As an example, here’s some ISO3166 ‘alpha2 → country’ lookup code I wrote but never ended up using (e.g. "be" → .belgium). It uses an array of type [26 * 26]Country and then @as(u16, a) * 26 + b to calculate the lookup index for an alpha2 code (where a and b are lowercase_char - 'a'). If I use the same alpha2_codes data with a StaticStringMap like so:
it works fine, but performs much worse, since the StaticStringMap is just doing a linear lookup because all the keys are of length 2:
Benchmark 1: array.exe
Time (mean ± σ): 29.6 ms ± 0.6 ms [User: 30.2 ms, System: 4.8 ms]
Range (min … max): 28.4 ms … 32.2 ms 61 runs
Benchmark 2: map.exe
Time (mean ± σ): 180.0 ms ± 1.1 ms [User: 175.8 ms, System: 2.6 ms]
Range (min … max): 178.9 ms … 183.5 ms 15 runs
Summary
'array.exe' ran
6.09 ± 0.13 times faster than 'map.exe'
Benchmark code
const std = @import("std");
const iso3166 = @import("iso3166.zig");
pub fn main() !void {
const iterations = 1_000_000;
var rand = std.Random.DefaultPrng.init(0);
const r = rand.random();
const max_len = 256;
var buf: [max_len]u8 = undefined;
var num_invalid: u64 = 0;
var i: u64 = 0;
while (i < iterations) : (i += 1) {
const len = if (r.float(f32) >= 0.01) 2 else r.uintAtMost(usize, max_len);
const code = buf[0..len];
const alpha_only = r.float(f32) < 0.95;
if (alpha_only) {
for (code) |*c| {
c.* = r.uintAtMost(u8, 26);
c.* += if (r.boolean()) 'a' else 'A';
}
} else {
r.bytes(code);
}
_ = iso3166.Country.fromAlpha2StaticStringMap(code) catch {
num_invalid += 1;
};
}
std.debug.print("num_invalid: {}\n", .{num_invalid});
}
I’m sure there are ways to make this lookup even faster, but I hope it shows what I’m trying to get at.
There are also some fine data structures in the std.enum namespace, which many reading may not be aware of.
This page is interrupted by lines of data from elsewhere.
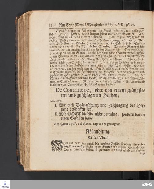 Das der Sünden wegen geängstete und zuschlagene Hertz. [Predigt] Am Tage Mariä Magdalenä....
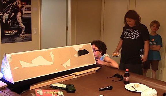 The typing paper can be illuminated by any number of moving-light projectors to create stunning images that undulate with beautiful patterns. Remove the paper and have children go on a scavenger hunt to find objects to hold up to one end to create fantastic images at the other. One thing I found they all enjoyed was looking into the kaleidoscope to use their own faces to create kaleidoscopic images.
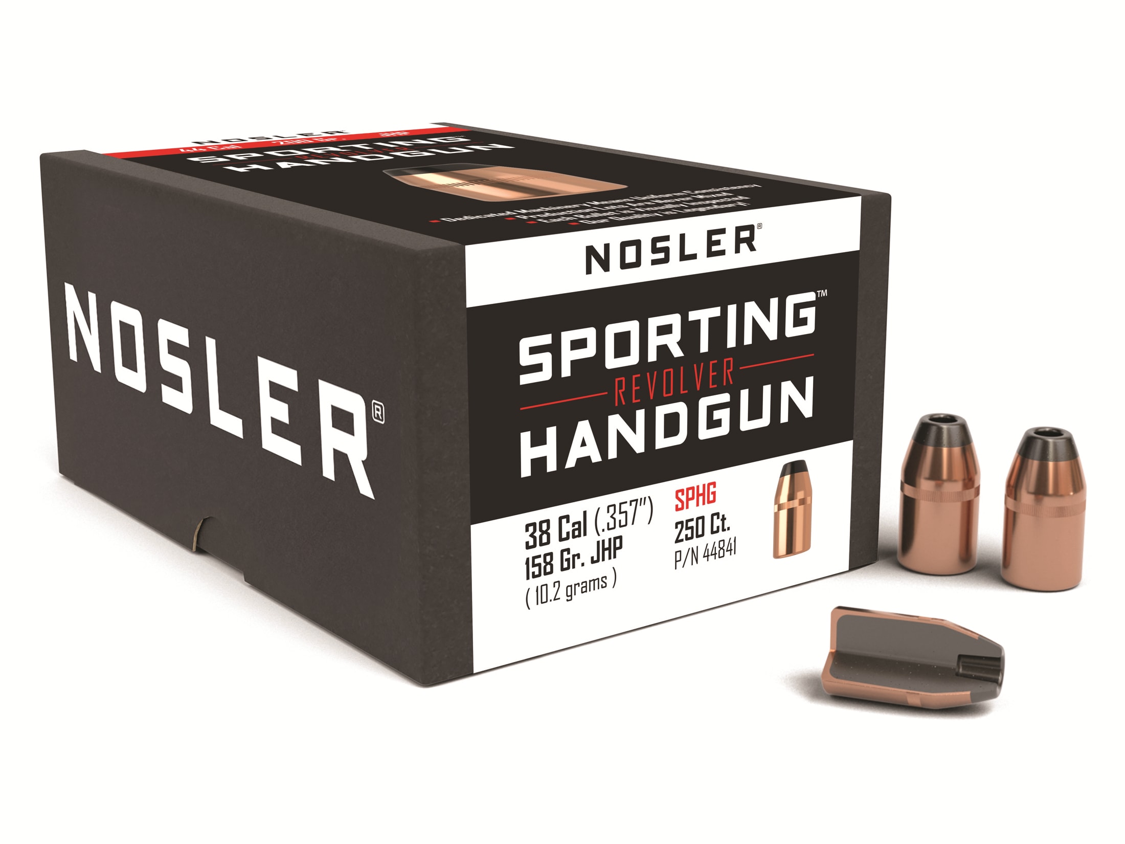 Nosler Sporting Handgun 38 Special, 357 Magnum (357 Diameter) Bullets 158 Grain Jacketed Hollow Point with Cannelure Box of 250

None of them allocate, making them appropriate for comptime. I’ve found them quite useful a number of times.
I was curious to see how my static-map compared to your hand rolled lookup so I added a benchmark here. Looks like the hand-rolled lookup is about 25% faster in this benchmark which does 100_000 iterations searching for a random 2 letters.
This has the heavy caveat that it will panic/cause UB if val doesn’t have an associated enum field (and the @tagName will panic/cause UB if Map is non-exhaustive and there’s no associated enum field with that value).
My assumption would be that a function with a switch would be fairly performant for enum -> T conversion, but haven’t checked to see how it performs vs std.enums.EnumMap.
Ah thats true. I added a specialized, case insensitive map and modified the benchmark alphabet to include upper case letters and doubled that map’s capacity. Now i’m able to slightly edge out the hand-rolled version.
I wonder if the hand-rolled code would benefit from doing the lower casing as i’ve done (by or-ing with 32 as in key[0] | 32). not sure as i didn’t check. just speculating as to why mine might be slightly faster.
That range comparison will not return early for some characters outside [a-z][A-Z] – just a caveat, I did not read the details to find out if this might be a problem.